Fidelity is our top choice for the best HSA, as its account has no opening or investing minimums and no maintenance fees. Fidelity provides access to thousands of investment options, just as it does in its IRA and Roth IRA accounts. Furthermore, its default cash sweep savings is an outlying attribute among its peers. The company has set the standard against which potential customers should compare other HSAs.

Several suitable options exist for those who prefer another provider. However, be sure that you understand the fees and investment thresholds before signing up. Other providers may have robo-advisor features that could be appealing to some users.

As the HSA market matures further, we hope to see better transparency, more simplified pricing, and low-cost investment options across all varieties of HSAs.

Frequently asked questions (FAQs)

What are the 2024 HSA contribution limits?

The 2024 HSA contribution limits set by the IRS are $4,150 for individual coverage and $8,300 for a family.

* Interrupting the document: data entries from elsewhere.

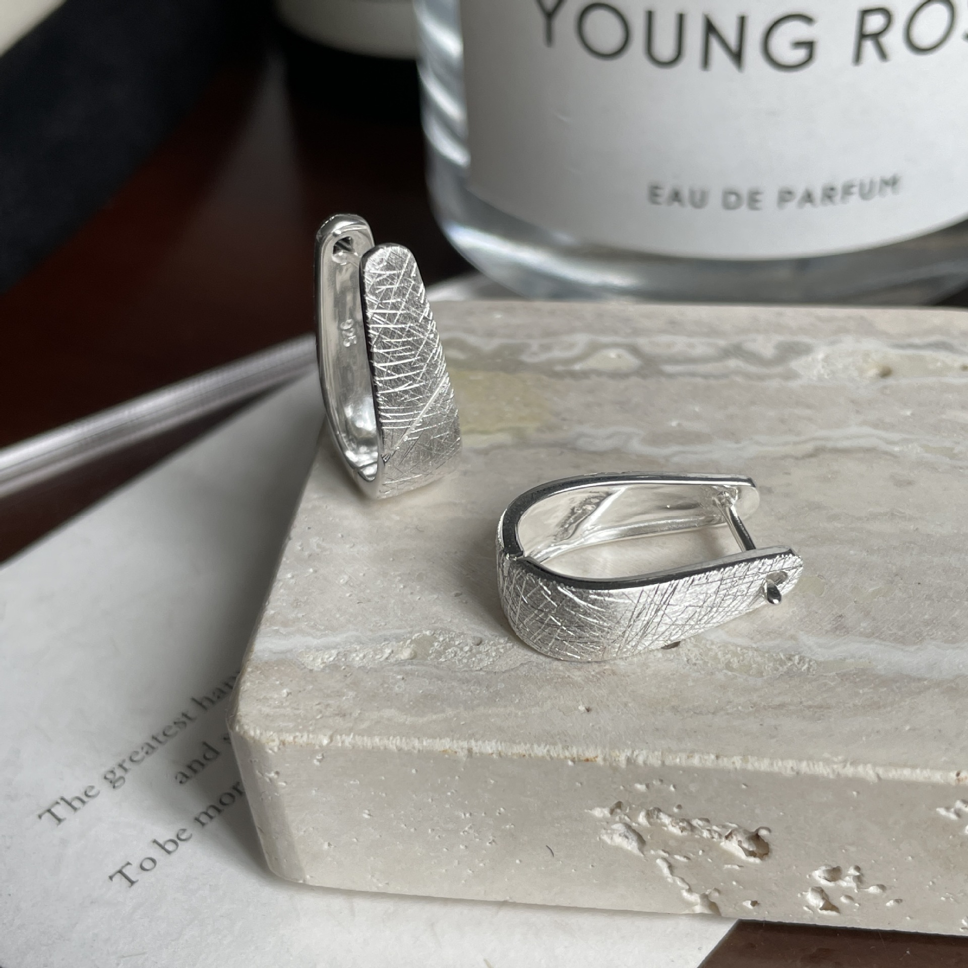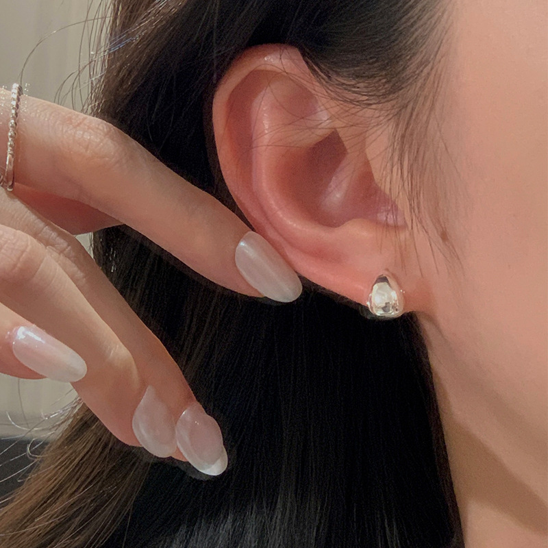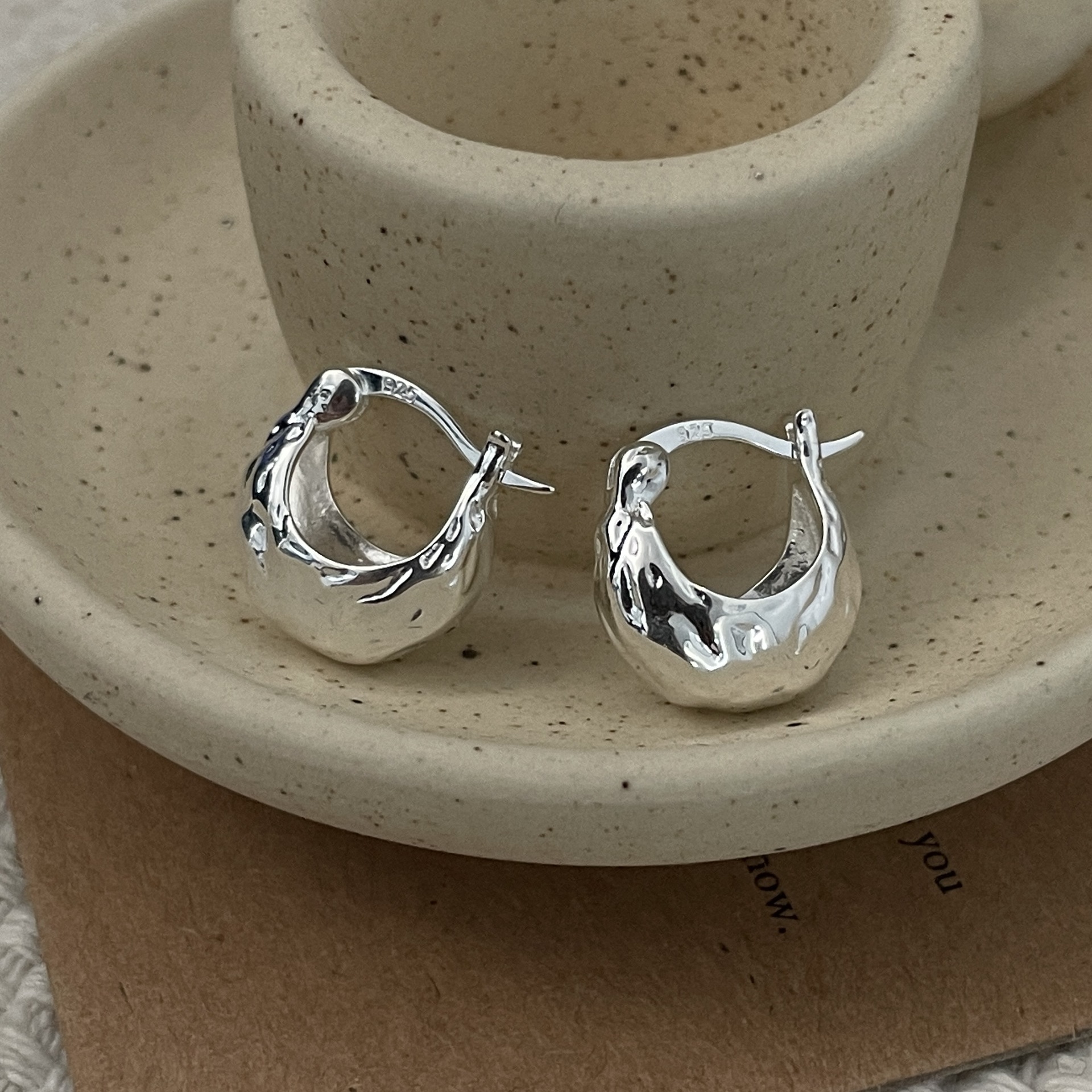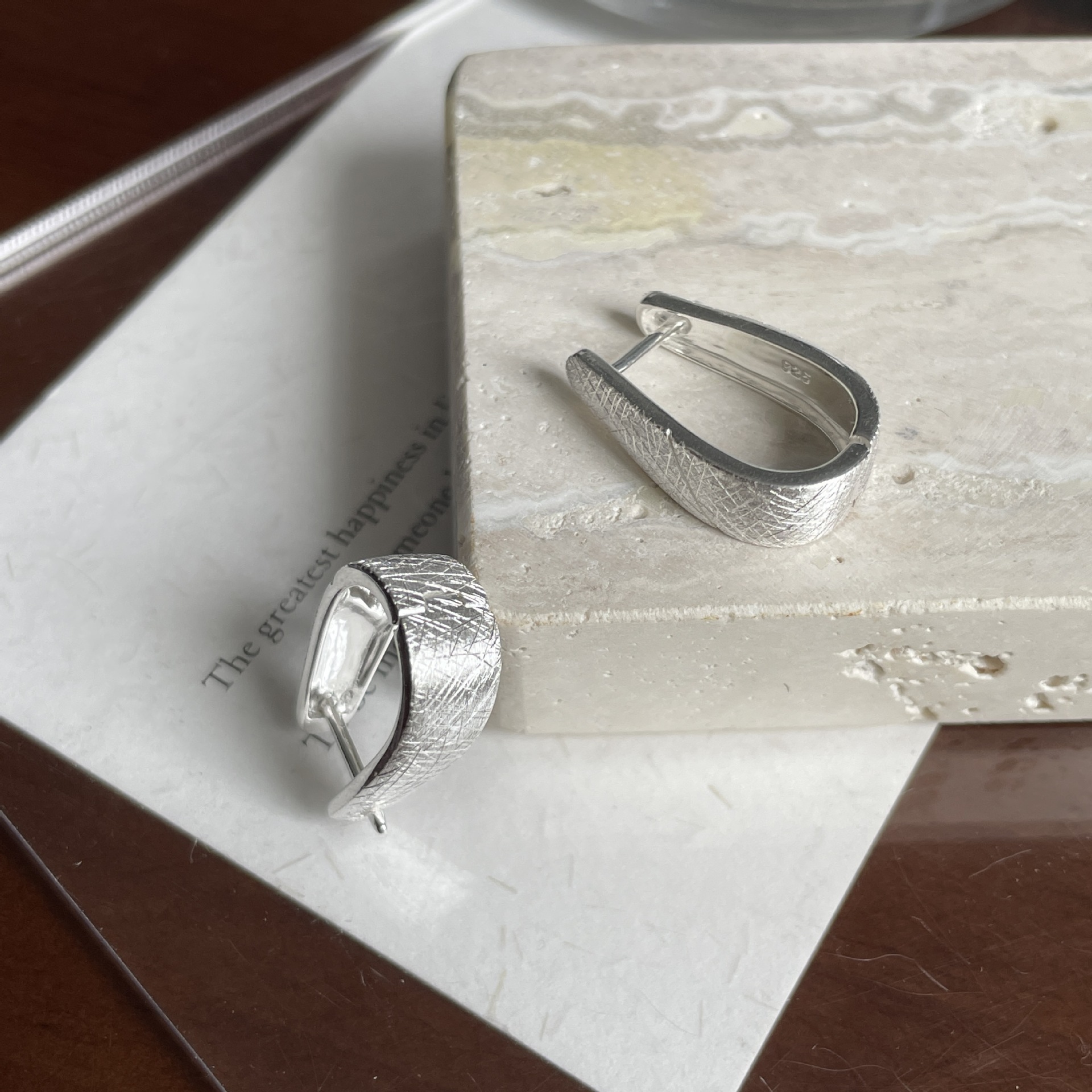 S925纯银韩版小众设计感不规则肌理感耳扣复古百搭旦形耳饰品批发
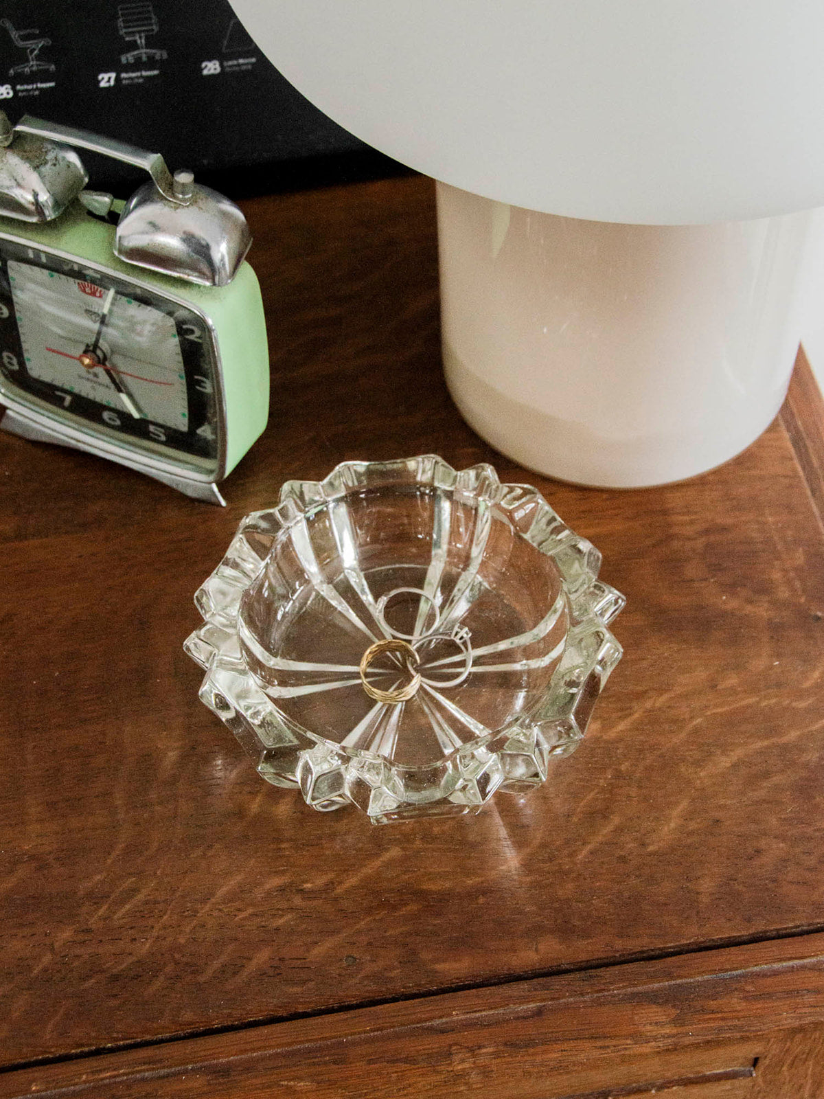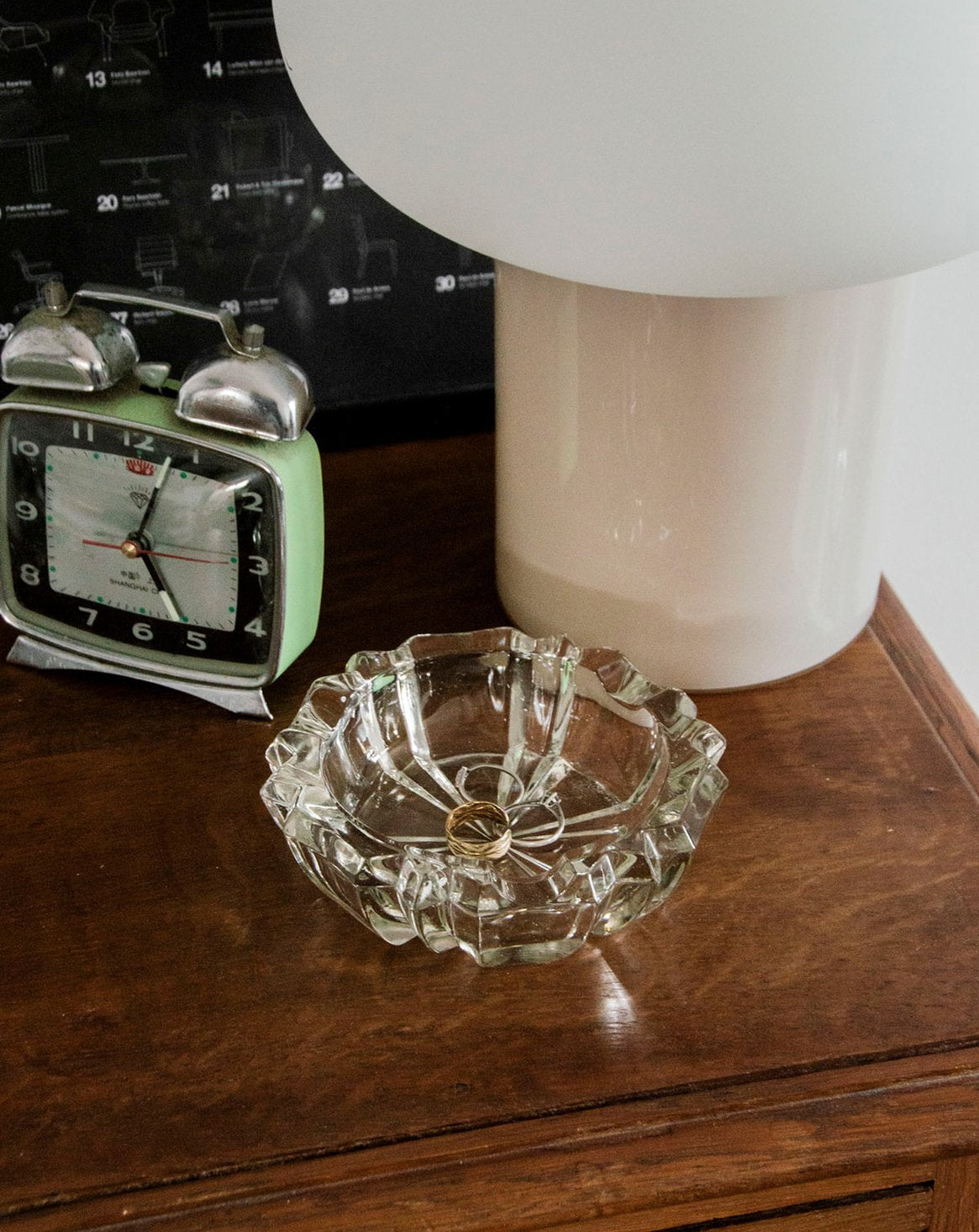 Ce cendrier en verre travaillé a tout du bel objet discret qui fait la différence. Ses détails délicats et son allure intemporelle lui donnent une vraie présence, tandis que les fines rayures racontent son histoire sans lui enlever de charme. À poser sur une table basse ou dans un coin lecture, il ajoute une touche chic et subtile, même sans tabac. Un petit accessoire plein de style, à détourner ou à adopter tel quel.
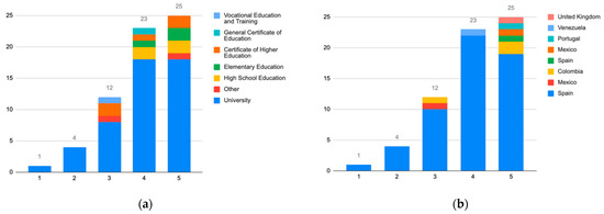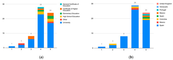 (a) Distribution of perceived usefulness by teachers across educational stages on resource interactions. (b) Distribution of perceived usefulness by teachers across countries on resource interactions.
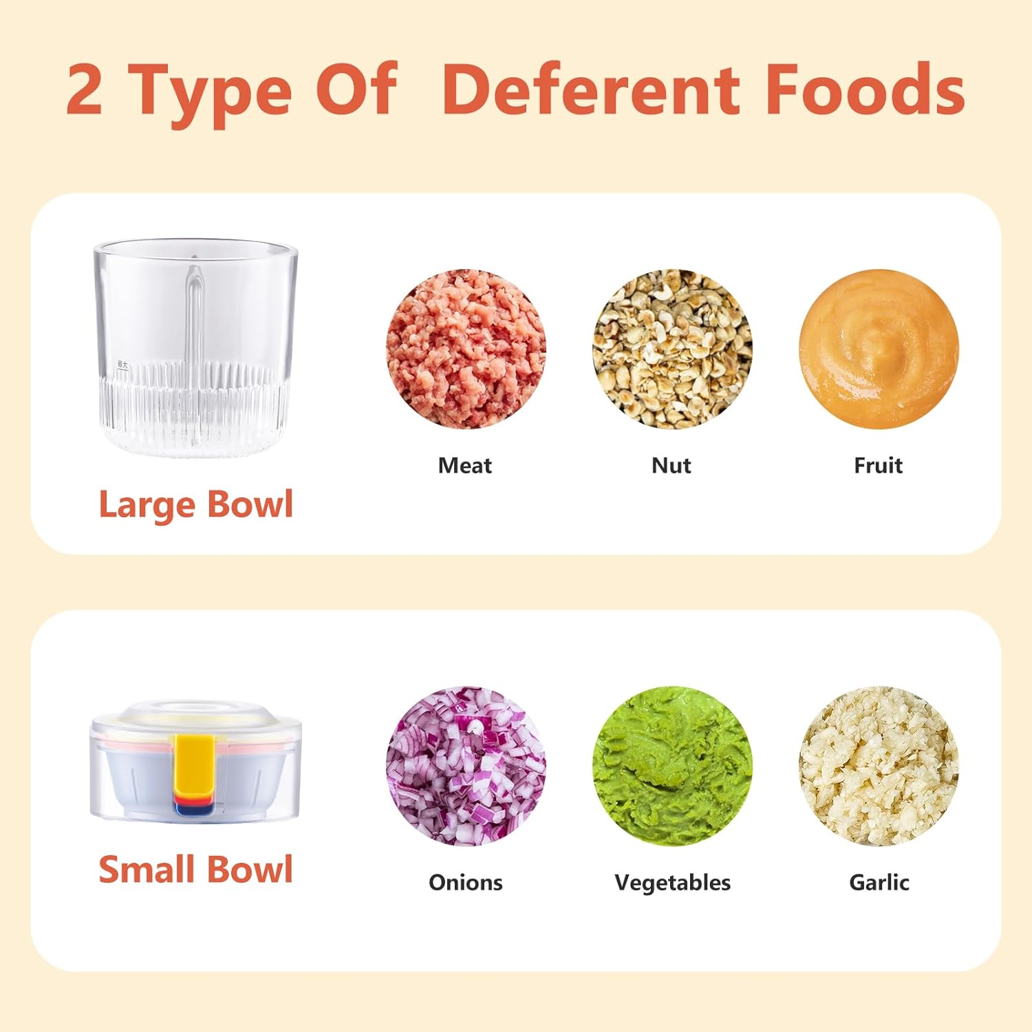 - 【Save Time & Space】Compact yet powerful! Our mini chopper replaces bulky appliances - perfect for small kitchens, RVs or dorm rooms. Chops meat, nuts or frozen fruit in just seconds and is easy to clean.
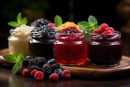 assortment of jams, seasonal berries, apricot, mint and fruits. marmalade or confiture
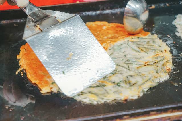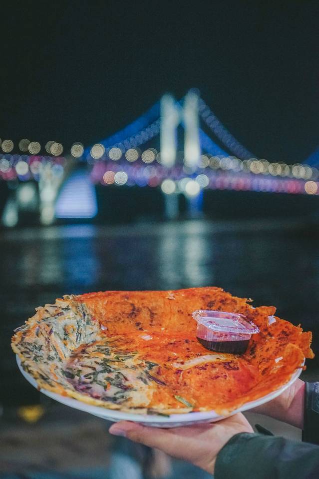 从 机张 回来,直奔厂安里去,这里附近有一个海水浴场,有一个距离学校不远的位置已经坐满了人,我们赶紧先去旁边买吃的,点了一份泡菜韭菜双料饼和一份鱼饼汤,带到阶梯上选了个位置坐下慢慢吃
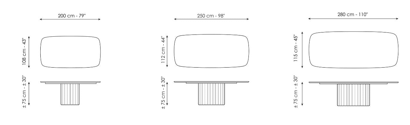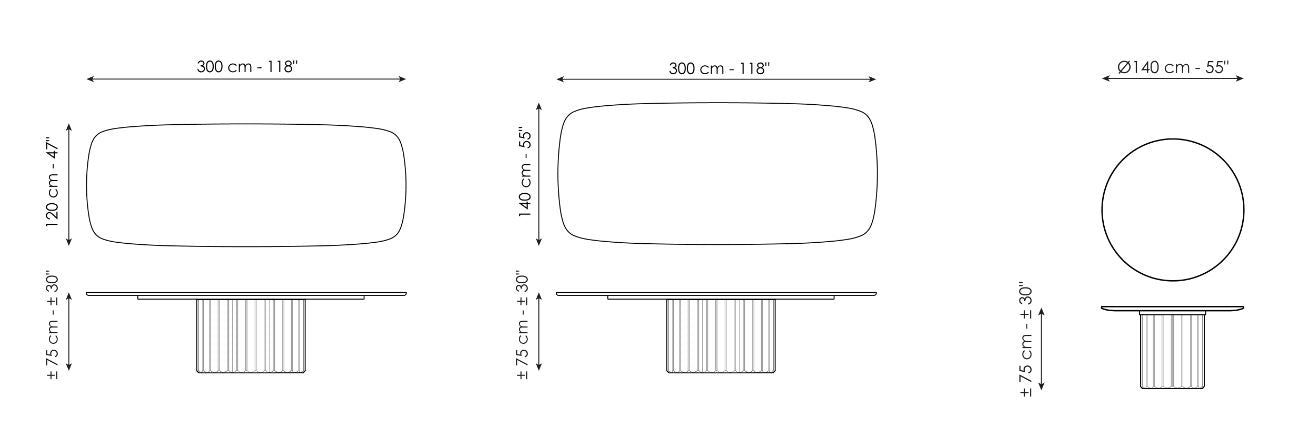 Masa Dorian, se caracterizeaza prin flexibilitate și simplitate geometrică. Stabileste o interacțiune prin contrast. Blatul mare - realizat din ceramică, marmură sau lemn - se sprijină pe o bază cu un izbitor caracter sculptural, constând dintr-un elegant și surprinzător cilindru alungit care amintește de forma unei coloane grecești.
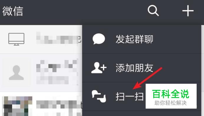 点击后,弹出下拉菜单,点击‘扫一扫’
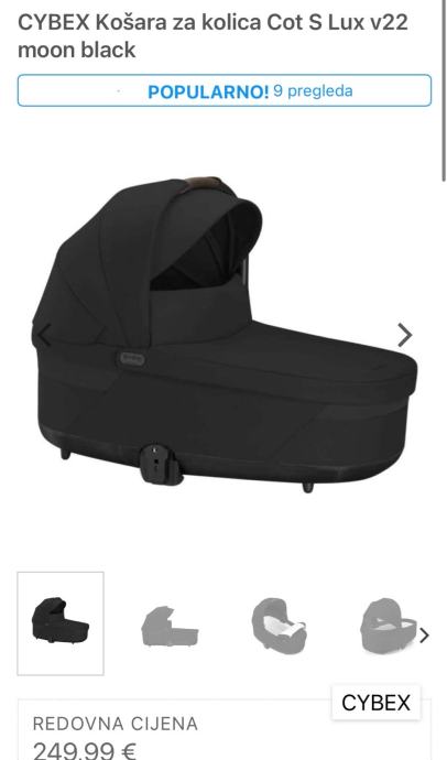Prodajem kosaru za novorodence Cybex Cot S Lux Moon black kupljenu prosle godine (svibanj 2024). Koristena kratko, potpuno ocuvana. Uz kosaru prodajem i adaptere za Cybex Eezy S twist+ 2 kolica ukoliko je netko zainteresiran. Kosara je kompatibilna sa kolicima Balios S Lux i Talos S Lux na ostala ide uz odgovarajuce adaptere. Iako nije na slici, (spremljen u kutiji jer nije nikad koristen) kosara naravno ima i platneni poklopac/pokrivac kao na zadnjoj slici. Garancija 2 godine znaci do kraja svibnja 2026.
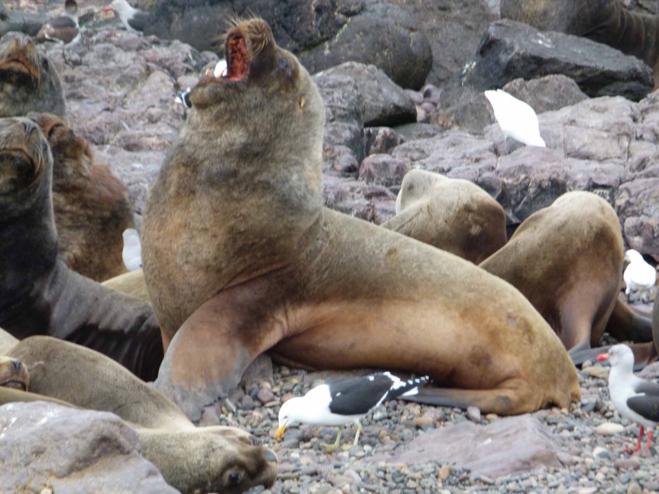 Felsenpinguine und Seelöwen
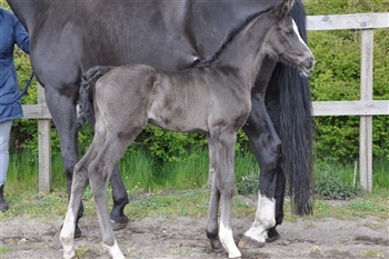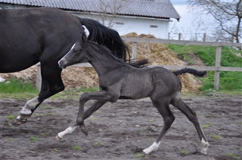 Tillidsfuldt,ædelt, højtstillet og udtryksfuldt sort hingsteføl.

If you are age 55 or older, you can make a catch-up contribution of an additional $1,000.

Can I roll over funds from an existing HSA to a new provider?

Yes, HSAs are portable. However, some providers may charge a fee for transfers.

Are there any restrictions on HSA withdrawals?

Yes, but not on withdrawals for qualified medical expenses. Those under age 65 can withdraw their money for other reasons but will pay income tax on the amount and a 20% penalty.

Account owners 65 or older can withdraw funds from the account for nonqualified purposes without penalty, but they will owe income taxes on the money. Starting at age 65 the account functions like a traditional IRA, except that there are no required minimum distributions (RMDs).